W: With that said, what has life been like lately as a freelance creative?

Sandra: To be quite honest, our work has been dead in the water. My husband and I run a graphic design studio, which usually pulls in more clients than my photography does, and that just flatlined over the course of the quarantine. The disease has definitely had a tangible effect on my business ethics as well: I had to turn down a shoot recently, my first paying gig in weeks, because I started to cough the other night, and I'd rather wait until I've been symptom-free for 14 days before I risk exposing others. (Side note: it's probably just allergies, but it's probably better right now to be extra paranoid.) That's quite a devastating choice to make in a situation that's already financially fraught—and even as we struggle, I'm already someone who can afford to turn work down to avoid putting others at risk; it's probably much more compromising for others in more dire straits.

 

My other line of work is in weddings, which have obviously been devastated by the pandemic as well. No bookings at all, and all my 2020 shoots have been rescheduled.

 

It just hasn't been very good on our end, which is also why I can't rely on my income work to create content, I need to come up with it myself. That's fun in its own way, but we could really use a paycheck.

 

W: How has staging self-portraits and the very act of creating help you make sense of the pandemic? Has it helped your mental health?
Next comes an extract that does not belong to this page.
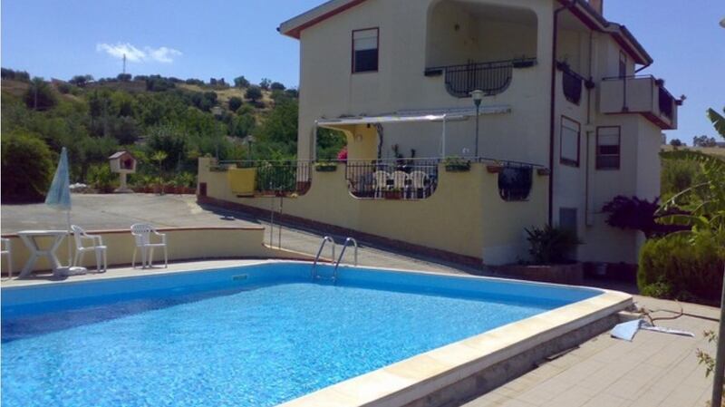 In the Cianciana district, this 300sq m (3,229sq ft) house comes with a swimming pool. It comprises two storeys above a service floor that has a garage and storage space. On the first floor is a 50sq m (538sq ft) living room with fireplace, a kitchen/dining room, bathroom and veranda. Above are three bedrooms and a bathroom plus balconies. Outside are two wells, a barbecue area, pool shower, vines and fruit trees including apricots, pears, lemons and oranges.

Sandra: I think, ever since grad school, that self-portraiture has always been an avenue for contemplation and processing. Something about deliberately putting yourself in front of the camera forces you to consider the state you are in, the state you'll allow other people to see you in, and what it says about you that those things are true. So, looking at my own images and deciding which ones everyone gets to see says a lot about my psychological placement.

 

It's helpful to my mental health insofar as I get to create expressive work, and in sharing that work I get a lot of “me-toos” from my (small) audience—and building that community is pretty comforting. But I think it's one strand in a web of things I need to do to keep myself afloat, which includes making sure my husband and I are always on the same page emotionally, checking in on my family and friends even when it's difficult, trying not to let the looming spectre of despair keep us from getting up in the morning. That's all various degrees of emotional labor, and every day is different.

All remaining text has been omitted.